→ **DATA TO USE**:

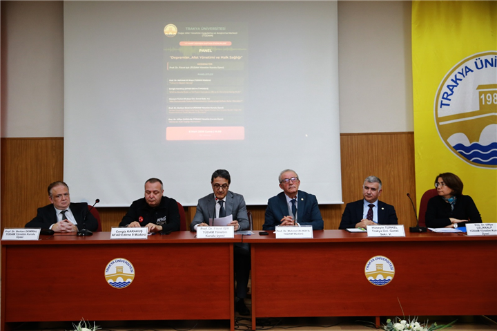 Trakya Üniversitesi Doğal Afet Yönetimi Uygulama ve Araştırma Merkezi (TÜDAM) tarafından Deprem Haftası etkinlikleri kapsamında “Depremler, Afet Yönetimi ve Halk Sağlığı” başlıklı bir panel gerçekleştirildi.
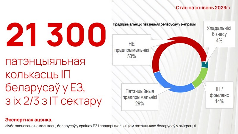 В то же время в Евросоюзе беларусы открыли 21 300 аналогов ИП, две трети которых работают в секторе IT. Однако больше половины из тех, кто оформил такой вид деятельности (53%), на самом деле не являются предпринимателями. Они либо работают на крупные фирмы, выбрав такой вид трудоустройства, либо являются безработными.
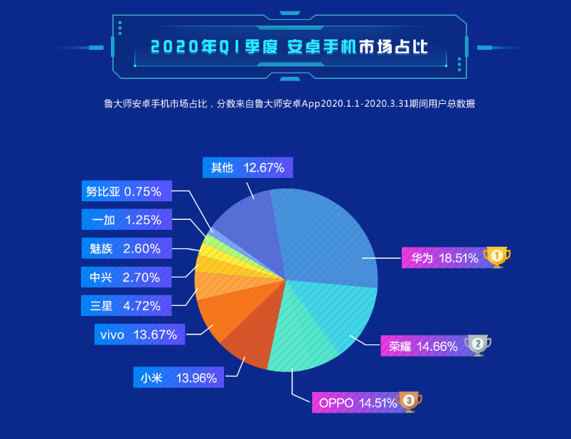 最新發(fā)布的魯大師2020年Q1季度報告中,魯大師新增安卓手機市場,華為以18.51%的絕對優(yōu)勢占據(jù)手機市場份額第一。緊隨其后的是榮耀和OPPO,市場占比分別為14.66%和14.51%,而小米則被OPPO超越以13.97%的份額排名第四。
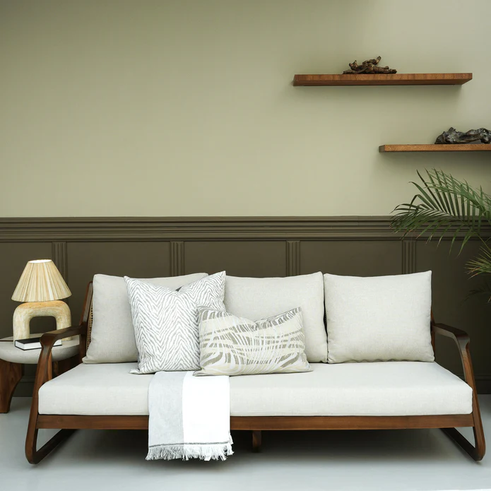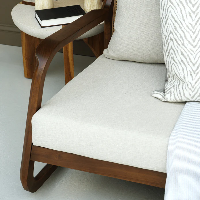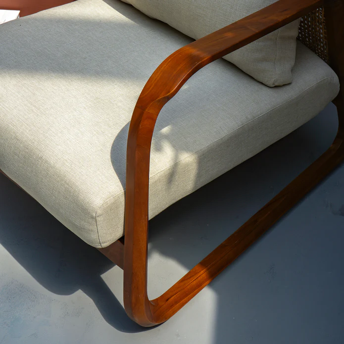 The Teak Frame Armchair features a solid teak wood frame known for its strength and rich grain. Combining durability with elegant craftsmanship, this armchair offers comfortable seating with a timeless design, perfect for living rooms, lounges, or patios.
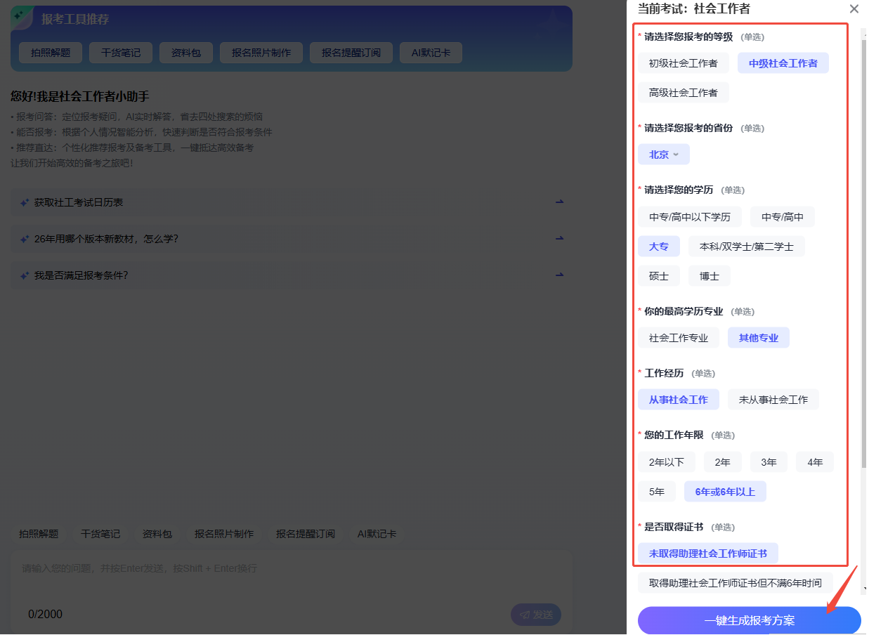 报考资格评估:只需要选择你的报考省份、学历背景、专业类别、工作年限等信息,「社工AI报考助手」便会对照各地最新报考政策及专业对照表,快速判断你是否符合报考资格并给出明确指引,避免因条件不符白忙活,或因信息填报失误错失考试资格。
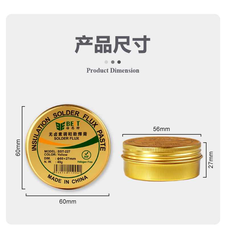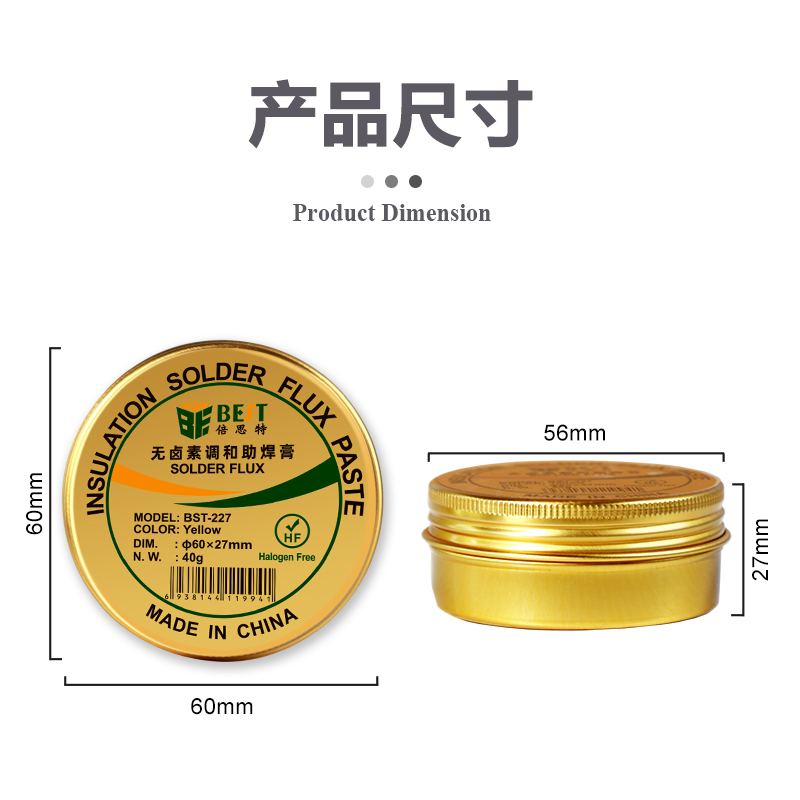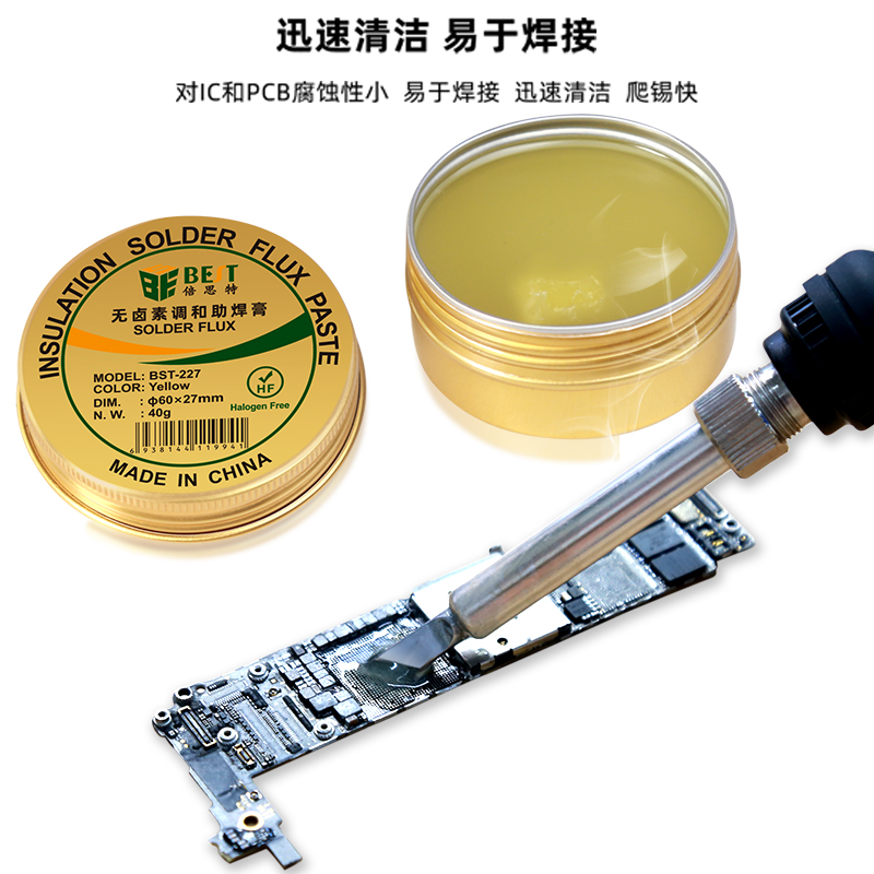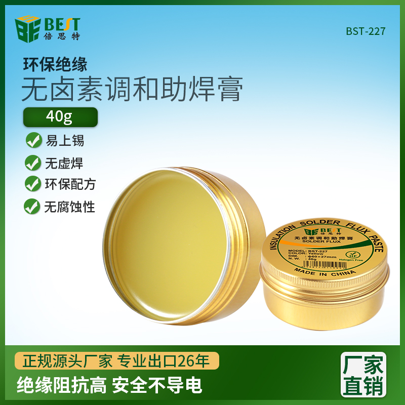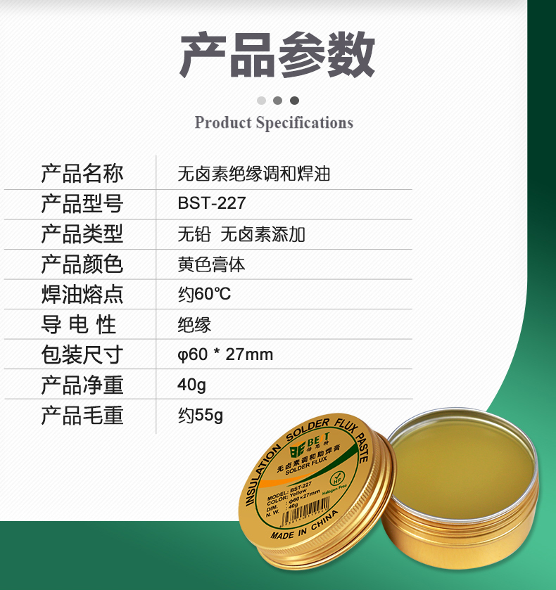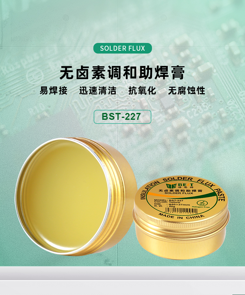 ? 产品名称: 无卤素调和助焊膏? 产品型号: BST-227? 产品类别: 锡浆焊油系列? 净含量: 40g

→ **WORK TO BE COMPLETED**:
The material above must be reproduced line for line, with the images omitted.

→ **EXERCISE SOLUTION**:
 Trakya Üniversitesi Doğal Afet Yönetimi Uygulama ve Araştırma Merkezi (TÜDAM) tarafından Deprem Haftası etkinlikleri kapsamında “Depremler, Afet Yönetimi ve Halk Sağlığı” başlıklı bir panel gerçekleştirildi.
 В то же время в Евросоюзе беларусы открыли 21 300 аналогов ИП, две трети которых работают в секторе IT. Однако больше половины из тех, кто оформил такой вид деятельности (53%), на самом деле не являются предпринимателями. Они либо работают на крупные фирмы, выбрав такой вид трудоустройства, либо являются безработными.
 最新發(fā)布的魯大師2020年Q1季度報告中,魯大師新增安卓手機市場,華為以18.51%的絕對優(yōu)勢占據(jù)手機市場份額第一。緊隨其后的是榮耀和OPPO,市場占比分別為14.66%和14.51%,而小米則被OPPO超越以13.97%的份額排名第四。
 The Teak Frame Armchair features a solid teak wood frame known for its strength and rich grain. Combining durability with elegant craftsmanship, this armchair offers comfortable seating with a timeless design, perfect for living rooms, lounges, or patios.
 报考资格评估:只需要选择你的报考省份、学历背景、专业类别、工作年限等信息,「社工AI报考助手」便会对照各地最新报考政策及专业对照表,快速判断你是否符合报考资格并给出明确指引,避免因条件不符白忙活,或因信息填报失误错失考试资格。
 ? 产品名称: 无卤素调和助焊膏? 产品型号: BST-227? 产品类别: 锡浆焊油系列? 净含量: 40g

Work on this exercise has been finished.